If you’ve never read her first Poirot novel, this is a must read. Not only does it set the stage for all of his future exploits, the book is a masterful puzzle starting with a locked room, plenty of clues and red herrings, and suspects with motives and opportunities.
After reading so many new books (which I will catch up on my reviews in the future), I’ve been rereading some old favorites. One of these is the first Kurt Wallander book, Faceless Killers by Henning Mankell.
Wallander is well-known by PBS Mystery watchers. If you’ve only watched the video interpretations, you’re really missing out on some great books. Mankel weaves action, character, and a great feeling of the Swedish countryside together in a seamless satisfying whole. I can still imagine those cold winds from the book. The writing style is excellent too. When you’re reading a translation, you never really know if the style is the author or his translator. But I imagine that we must thank Steven Murray for giving us a true rendering of Mankel’s style in this case.

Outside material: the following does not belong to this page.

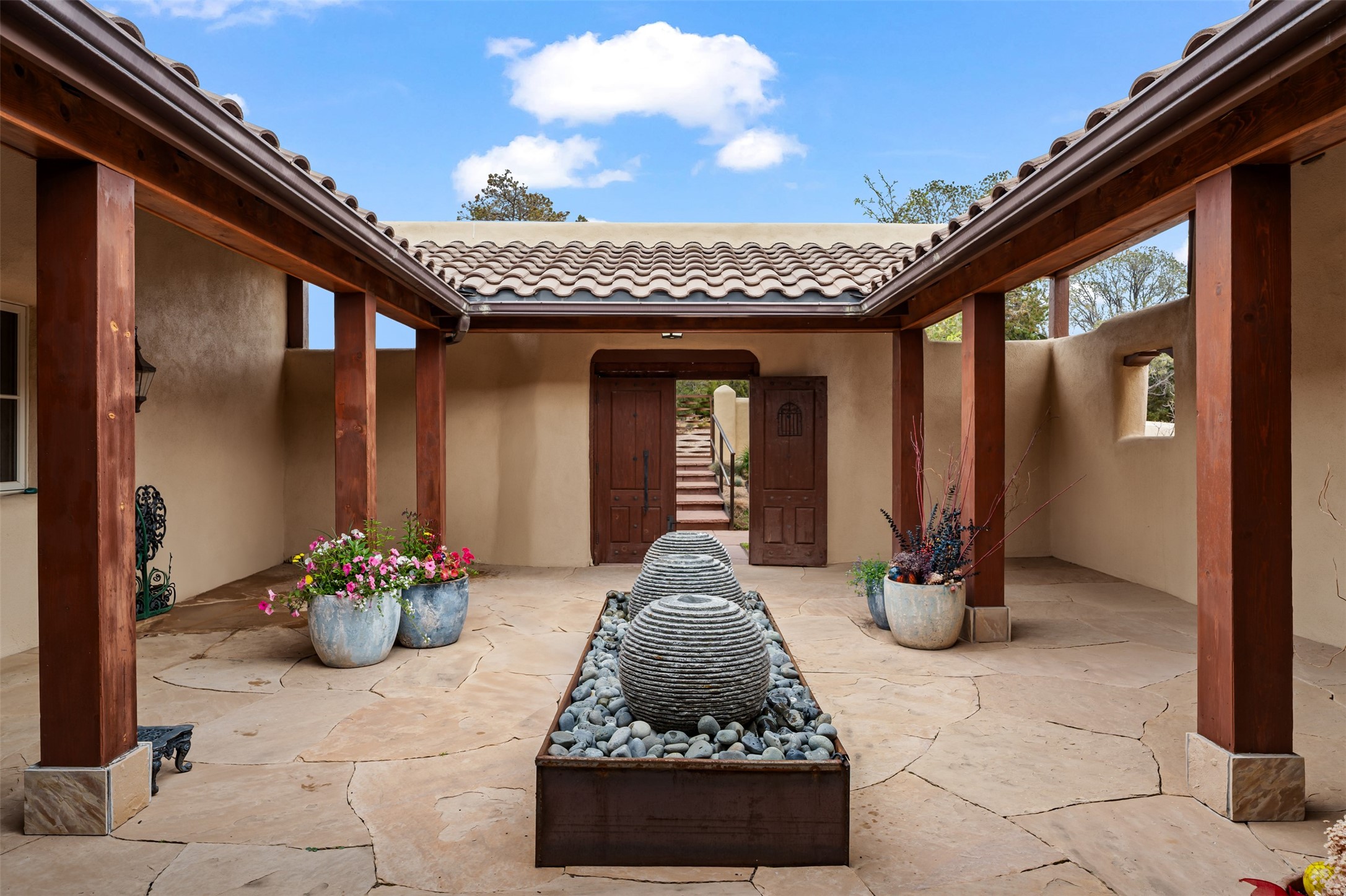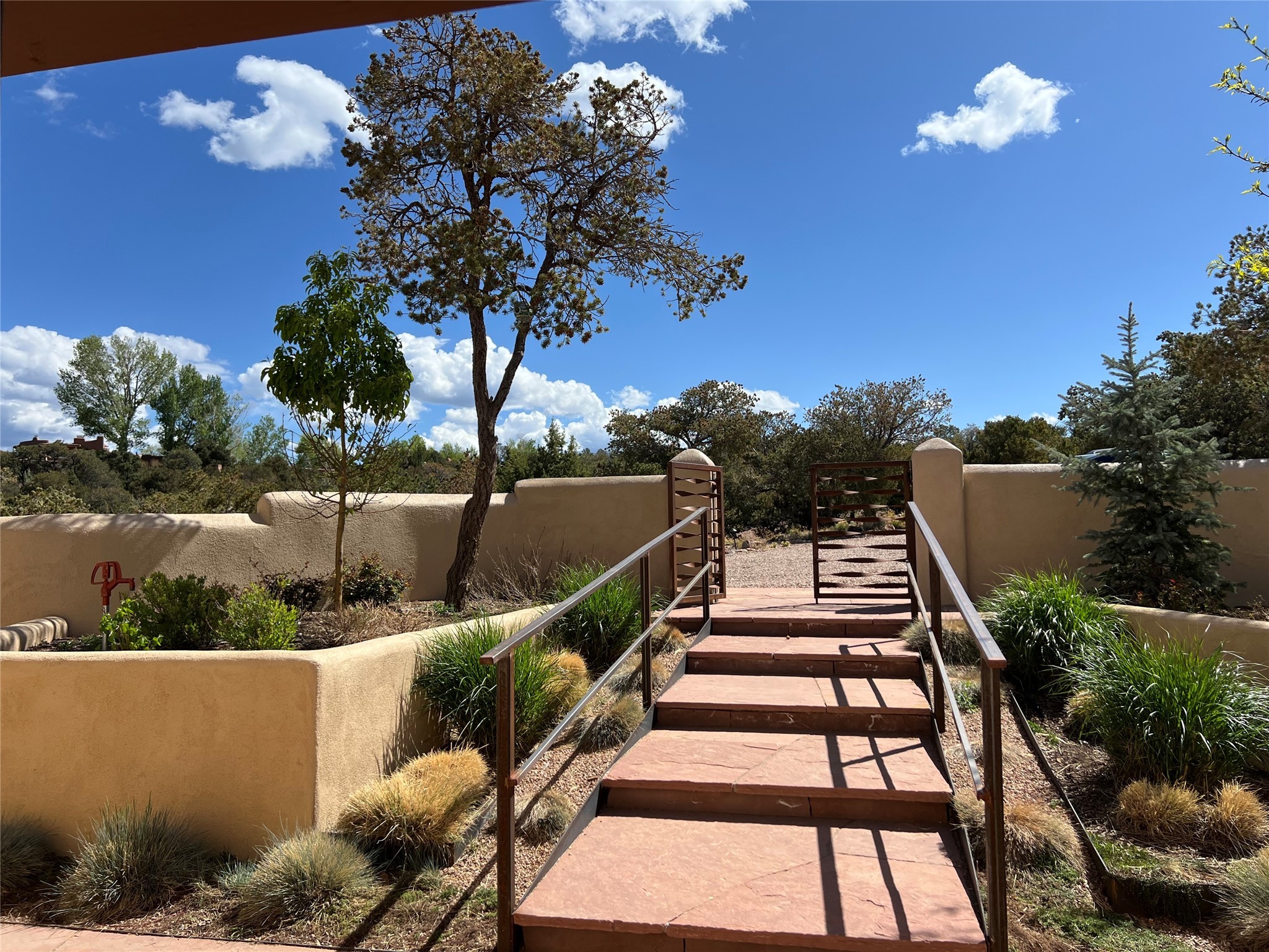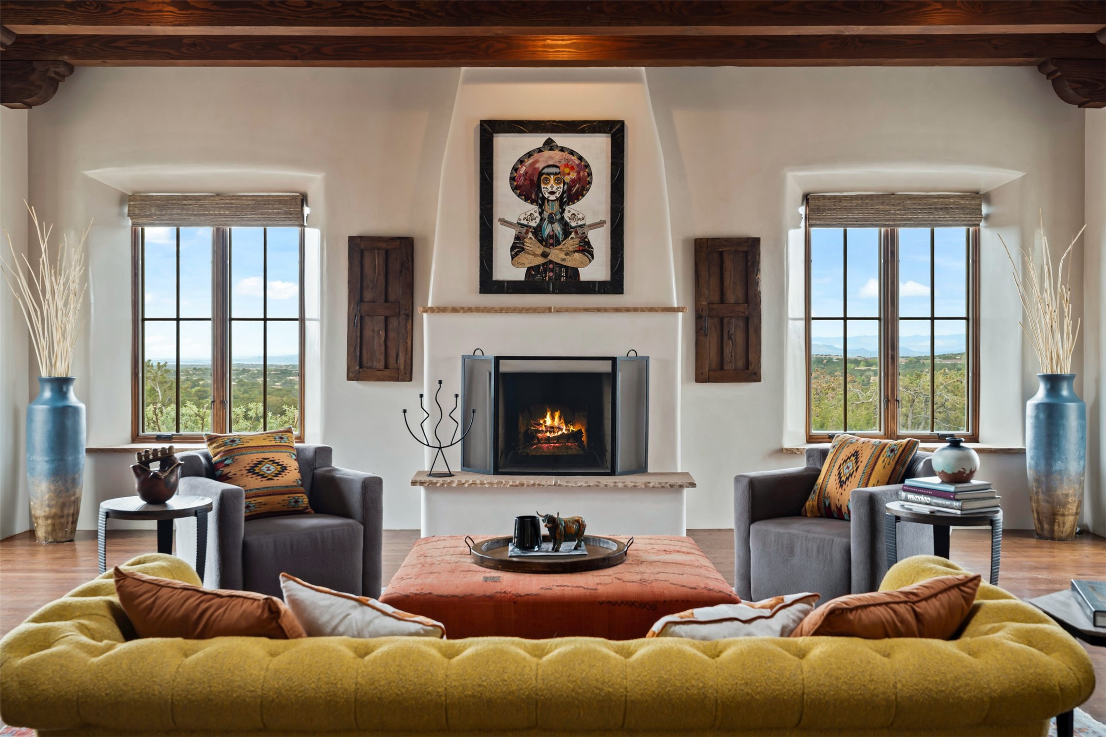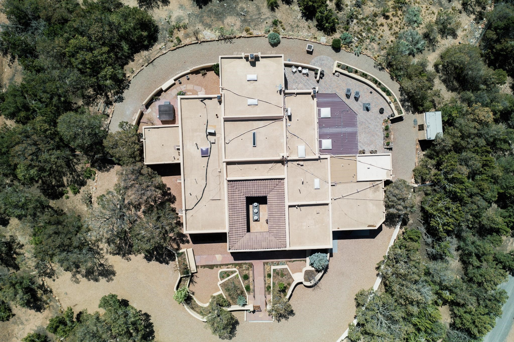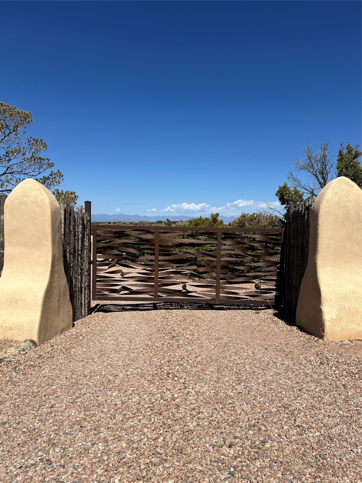 Beautiful, extensively remodeled, classic Santa Fe style home with jaw dropping panoramic mountain views on 3.4 wooded acres. Located on prestigious Circle Drive a mere 5 minute drive to downtown Santa Fe, this sensational home, built in 1936, impresses at every turn starting with the custom hand crafted iron gate, down the drive to a partially covered front entry courtyard leading to the front door and into a hallway of glistening diamond plaster walls that are throughout the house as, mostly, are the oak floors. Ahead is the spacious library/den with kiva fireplace. Through thick walled arches off the library is the formal living room beyond with its central fireplace and flanking windows and the 2 sets of French doors to bring in the light and the views; and boasting high ceilings with majestic corbels and vigas. The gourmet kitchen is entirely new with its own wet/coffee bar and nearby is an enormous pantry. Off the kitchen is a grand, heated portal and terrace to drink in the views and glory in the sunsets. The 3 bedroom suites are generously sized with remodeled bathrooms and each with glass doors to the outside. The closet in the primary bedroom is a wonder to behold and has its own washer and dryer. The 4th bedroom, currently set up as an office, is newly built and has some of the best views. A downstairs flex room (was a bedroom) is set up for exercise with adjacent laundry room. The heated detached studio nestles in the trees off the driveway and has multiple uses or, with adaption, could be another garage. A luxury home worthy of the name!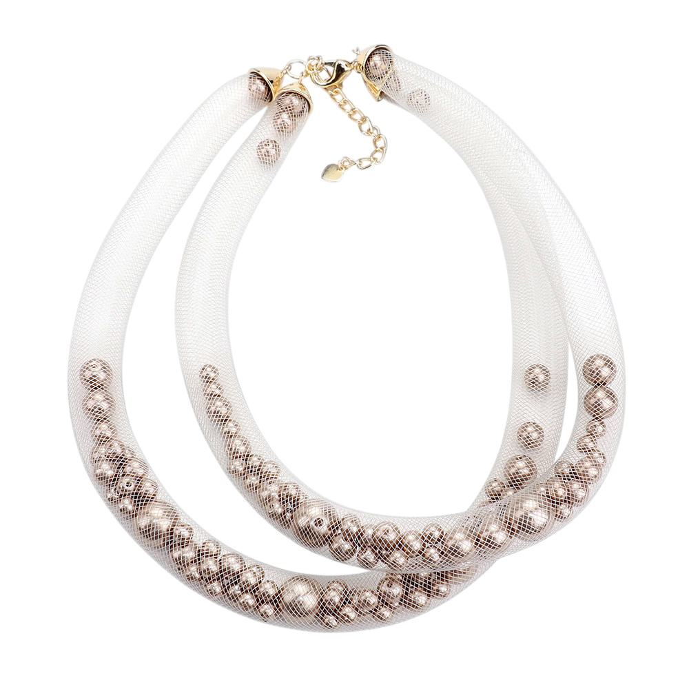 Pearl Accented Triple Layered Mesh Bib Necklace

In this introduction to Kurt Wallander, an aging farm couple are murdered in a bloody way that is not typical of the rural, Swedish landscape. Wallander and his team work their way thru the possible solutions to the crime with meager clues in a very logical, exhaustive way. If you’ve seen the video version, try to forget it as you read the book! The puzzle is a satisfying one. This is definitely a must read!